Data records Block Start
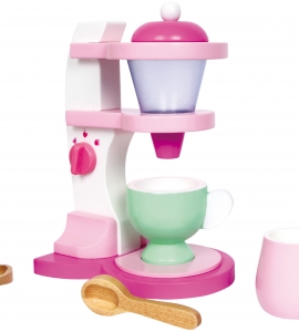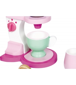 Farebný kávovar v pastelových farbách, táto súprava 2 šálky, 2 taniere, cukrová miska a kávovar vyrobená z rôznych druhov dreva je perfektným obohatením detskej kuchynky.
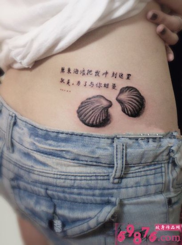 唯美贝壳汉字腰部纹身_腰部纹身图案大全_纹身图吧
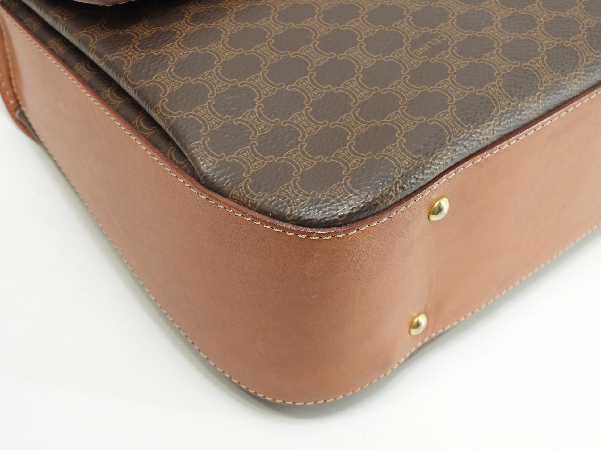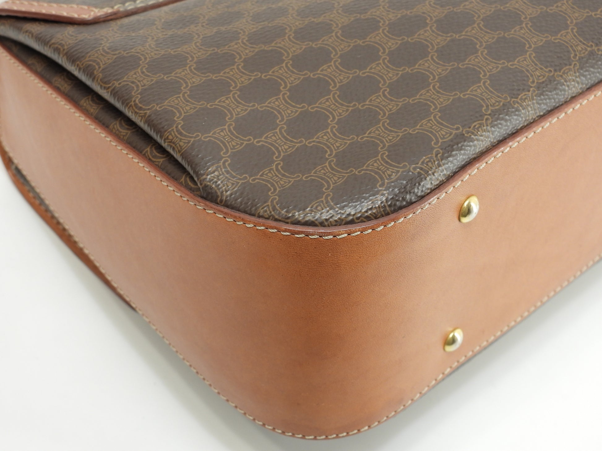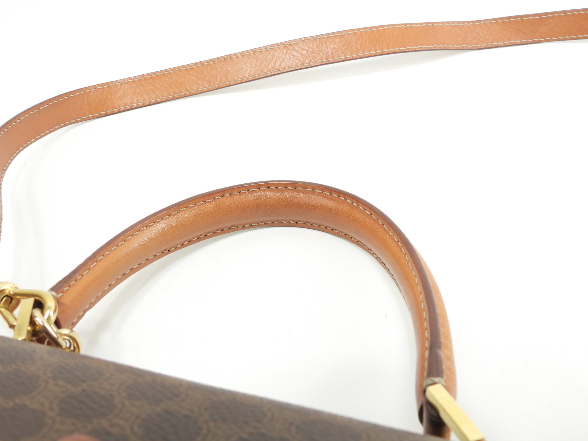 セリーヌ s付ハンドバッグ マカダム トリオンフ茶 ケリー 美品@M94* 7
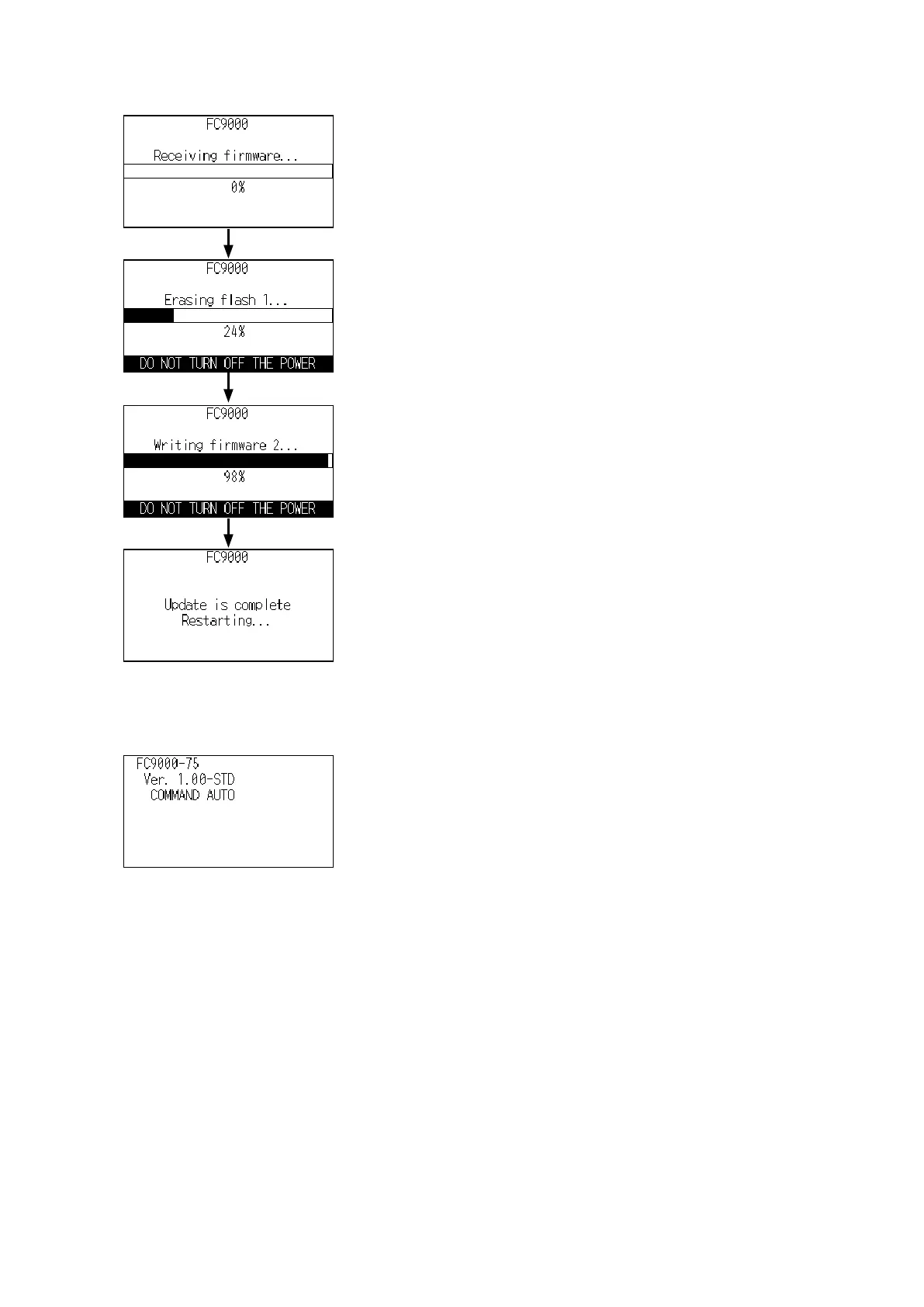 (6) Whileupdatingthermware,thefollowingmenuswillbedisplayed.
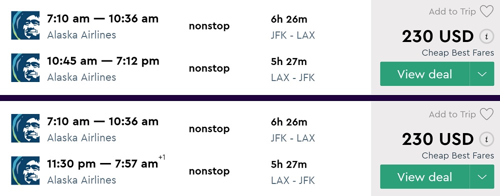 Amazing deal: New York to Los Angeles and vice versa flights round-trip as low as $230.
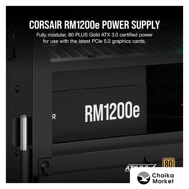 ATX 1200 Вт, активная PFC, золотой сертификат, вентилятор 1x135 мм, модульные кабели, 1x 12В 100А, 1x PCIe Gen5
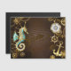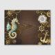 Fondo de madera marrón con mar, cresta mecánica, volante antiguo, ancla dorada y varios engranajes de oro y latón. Estilo Steampunk.
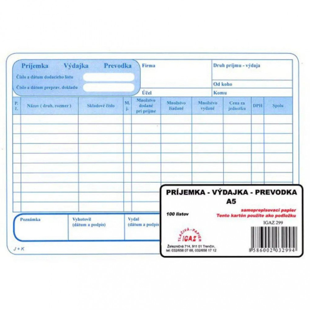 Obchodné tlačivo. Príjemka - výdajka - prevodka s DPH, samoprepis, A5, blok, 100 listov.
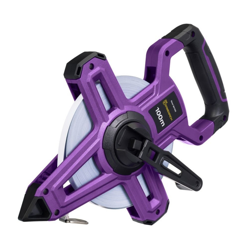 The wear-resistant brushed steel tape is housed in a high-strength ABS plastic case that will not break in the field. The handle is ergonomic, fits comfortably in the hand, and does not slip, as its surface is covered with TPR thermoplastic rubber.
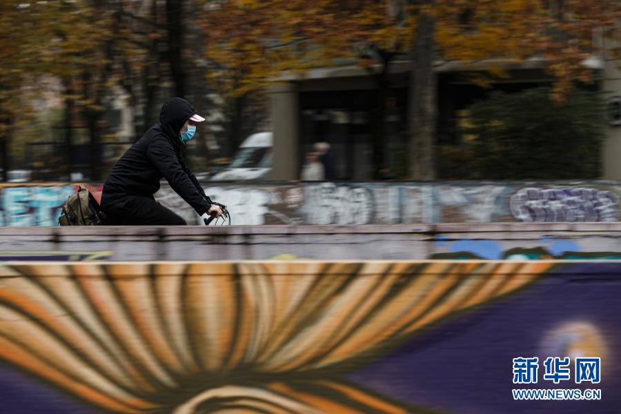 11月19日,在斯洛文尼亚首都卢布尔雅那,一名戴口罩的男子在街头骑车。据斯洛文尼亚政府当日发布的数据,该国过去24小时新增新冠确诊病例2064例,累计确诊60887例;新增死亡病例45例,为疫情以来单日死亡病例数最高点,累计死亡964例。新华社发(泽利科·斯特凡尼奇摄)
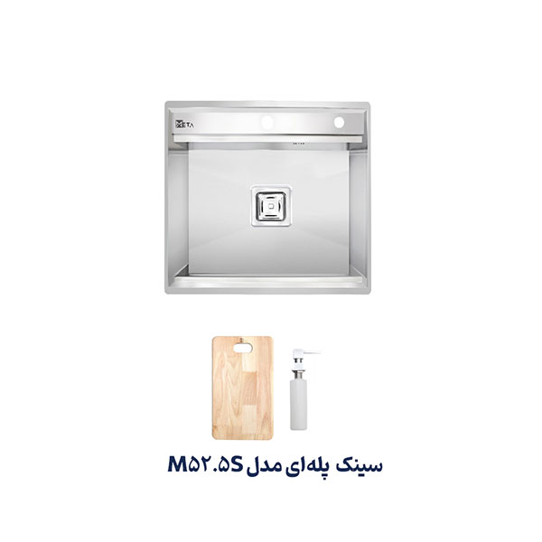 سینک توکار پله دار متا مدل M52.5S دارای یک لگن است. ابعاد سینک 50*52.5 سانتیمتر و عمق لگن آن 25 سانتیمتر است. قبل از خرید سینک باید به فضای نصب آن توجه داشت و سینکی با ابعاد متناسب خریداری نمود. ضخامت ورق این سینک 1.2 میلیمتر است. این محصول دارای جامایع متصل بر روی سینک و تخته گوشت است.
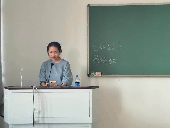《师说》云:“师者,所以传道受业,解惑也。”教师是学生通往知识道路上的引路人,教师不但承担教授学生知识,也引导学生的身心发展。教师的劳动特点是复杂的,教师不能只做知识的搬运者,亦要为学生做出表率,促进学生健康成长。为了让同学们意识到教师不能只做教书匠,要成为大先生,做学生为学,为事,为人的示范,促进学生成长为全面发展的人。在慎1-204教室,生科223班的易佳妍同学进行了以“不做教书匠,愿为大先生”为主题的演讲。
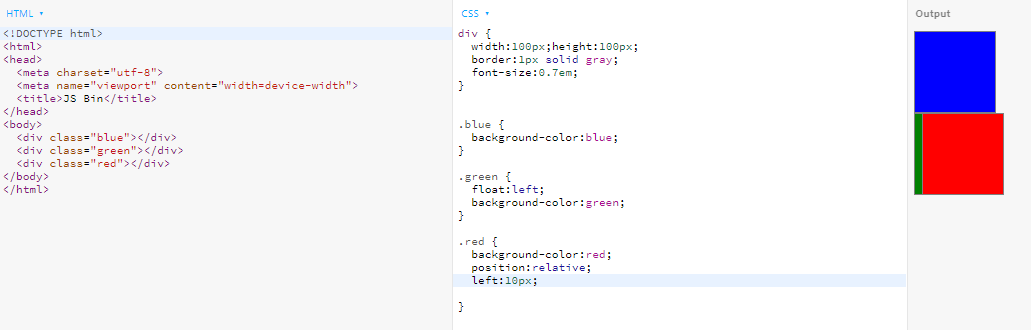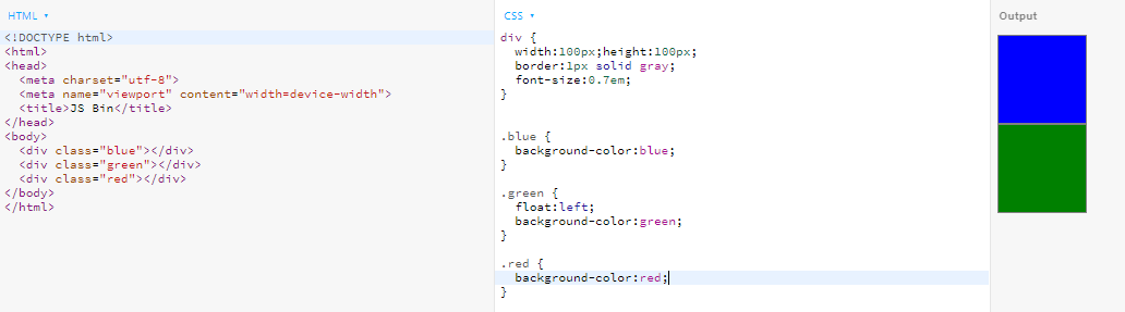 예를들어 아래 그림과 같이 green class를 float으로 해 주면 red class가 표현이 안 된 것을 확인할 수 있다.
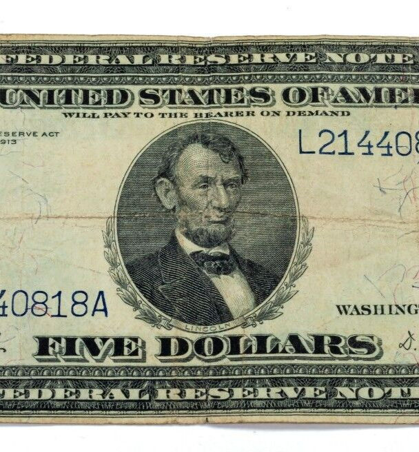 - Serie Del 1914 $5 Federal Reserve Note In Buone Condizioni Fr #890
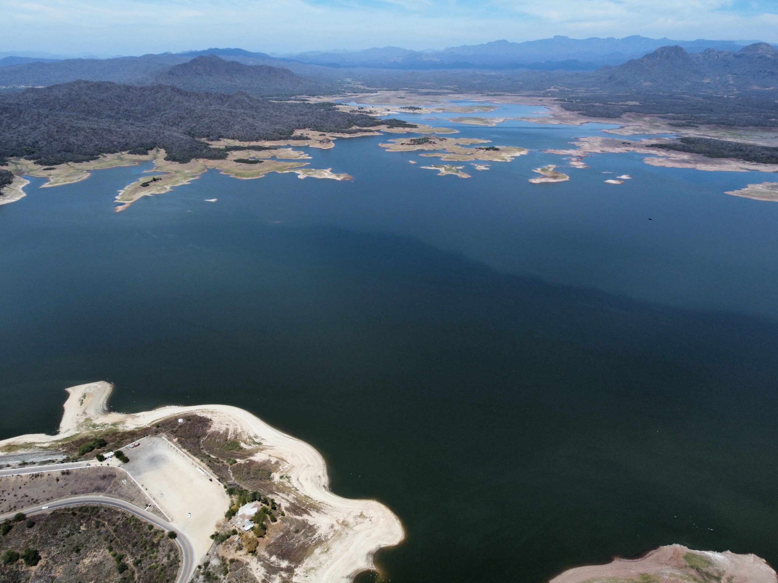 - La Presa Sanalona, en Culiacán, reporta tener un almacenamiento del 25 por ciento de su capacidad. Éste embalse nutre de agua a la Capital del Estado, uno de los municipios más secos en Sinaloa. Fotografía: Marcos Vizcarra.
Data records Block End
Every line from the one holding "- Serie Del" to the last line of the listing above, inclusive, must appear exactly as written, and no picture may appear.

 - Serie Del 1914 $5 Federal Reserve Note In Buone Condizioni Fr #890
 - La Presa Sanalona, en Culiacán, reporta tener un almacenamiento del 25 por ciento de su capacidad. Éste embalse nutre de agua a la Capital del Estado, uno de los municipios más secos en Sinaloa. Fotografía: Marcos Vizcarra.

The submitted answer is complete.